Some older charts actually call the parts Sax 1, 2, 3, 4, 5.

As far as seating, each section usually has the lead, or highest pitched part, in the middle, and then spreads out on both sides according to the descending harmony parts. So the sax section is usually arranged:

5 4 1 2 3

So from the perspective if sitting in the section, start with 1 in the middle, go to the right for parts 2 and 3, then from the middle to the left for 4 and 5.

Harmonically speaking, yes, the lead alto gets the melody and the highest harmony part, and the bari gets the roots or the bass parts or doubles what the alto is playing in solis, so, that makes them pillars. If you're not talking strictly about harmony but about overall importance to the band, the first tenor is also pretty important as that chair tends to get most of the solos. But when playing as a section, everybody has to play under the lead and blend, all playing the same volume, style and articulation as the lead.

The above is extremely difficult to do with multiple people on the same part. Everybody has to play much softer than they normally would and stay perfectly in tune.
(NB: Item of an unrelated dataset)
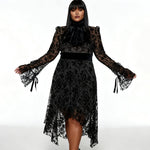 Step into a world of dark elegance with the Wilhelmina Gothic Floral Mesh Dress. This stunning gothic dress captures the essence of Victorian romance, making it a must-have for any gothic fashion enthusiast. Crafted with exquisite floral mesh fabric, it features delicate ruffled cuffs and luxurious velvet embellishments that elevate its charm. The swallowtail design adds a touch of sophistication, making it perfect for semi-formal and formal occasions.

Switching gears, the ghosting advice is spot on for a beginner. There are some fast, tricky parts in the sax soli in Warm Breeze, for example, that you're not going to be able to sight read as a beginner. So don't muck up the rest of the section until you've got it down. Stick with playing the accented and sustained notes that you can hit, and don't get lost. Then woodshed at home until you can play all of it at full speed.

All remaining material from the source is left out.